Pagamento arretrati pensione: tempistiche e modalità

Una volta concessa la pensione, l’INPS ha un termine di 30-90 giorni per erogare gli arretrati. Nel 2025 la media si è attestata sui 45 giorni, ma il carico accumulato tra il 2024 e il 2026 ha creato ritardi significativi in molti casi. Il pagamento avviene esclusivamente tramite accredito su conto corrente bancario o postale, obbligatorio ormai dal 2021. Per importi superiori ai 10.000 euro è prevista una rateizzazione automatica, con un massimo di 24 rate e un interesse dell’1%. Gli importi sotto i 5.000 euro vengono invece liquidati in un’unica soluzione entro 30 giorni.

Sul fronte fiscale, gli arretrati sono soggetti a tassazione separata IRPEF, con aliquote che nel 2026 vanno dal 23% al 43%. È però possibile accedere a un credito d’imposta per i familiari a carico, che può alleggerire in modo sensibile il peso fiscale complessivo.

Come richiedere gli arretrati e cosa fare in caso di ritardo

Per avviare il processo è sufficiente presentare la domanda di pensione online tramite il portale INPS o attraverso un Patronato, che offre assistenza gratuita.
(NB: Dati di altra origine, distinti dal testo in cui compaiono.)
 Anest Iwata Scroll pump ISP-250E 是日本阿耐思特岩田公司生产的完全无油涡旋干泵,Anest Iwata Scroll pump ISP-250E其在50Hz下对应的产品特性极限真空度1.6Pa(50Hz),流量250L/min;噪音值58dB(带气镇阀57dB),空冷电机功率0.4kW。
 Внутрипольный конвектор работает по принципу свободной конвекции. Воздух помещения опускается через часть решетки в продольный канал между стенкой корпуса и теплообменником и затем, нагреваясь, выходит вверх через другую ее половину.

Se gli arretrati vengono negati o il ritardo supera i tempi previsti, è possibile inviare una PEC formale all’INPS entro 90 giorni oppure rivolgersi al Giudice del Lavoro.
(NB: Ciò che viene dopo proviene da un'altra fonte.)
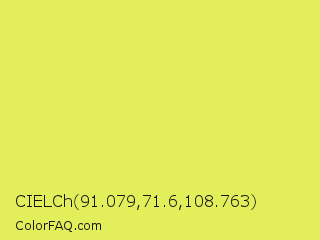 CIELCh 91.079,71.6,108.763 Color is a light yellow color and the nearest color is Maximum Green Yellow #d9e650. Hex code #e2ef5b and RGB value is rgb(226,239,91). In RGB color space, this color is composed of 89% red, 94% green, 36% blue, In CMYK color space, this color is composed of 5% cyan, 0% magenta, 62% yellow , 6% black , In HSL color space, this color has a hue angle of 65° , 82% saturation and 65% lightness.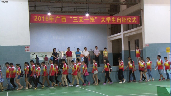 8月19日,广西2016年招募的800名“三支一扶”大学生整装待发,在简短的出征仪式后,他们开始奔赴广西各地开展为期两年的支教、支农、支医、扶贫基层服务工作。

  • Call Center INPS: 803.164 (gratuito da rete fissa)
  • Documenti necessari: estratto contributivo, IBAN, CUD degli ultimi 5 anni
  • App INPS Mobile: dal 2026 notifica in tempo reale la disponibilità degli arretrati
  • Patronati (CGIL, UIL, ACLI): nel 2025 hanno ottenuto un +30% di recuperi per errori di calcolo

Oltre 200.000 casi risultano ancora pendenti secondo il Report INPS del primo trimestre 2026. Chi si trova in questa situazione può presentare un’istanza formale accompagnata da una diffida, strumento che nella pratica accelera i tempi di risposta. I Patronati restano la risorsa più efficace per navigare la burocrazia previdenziale senza costi aggiuntivi.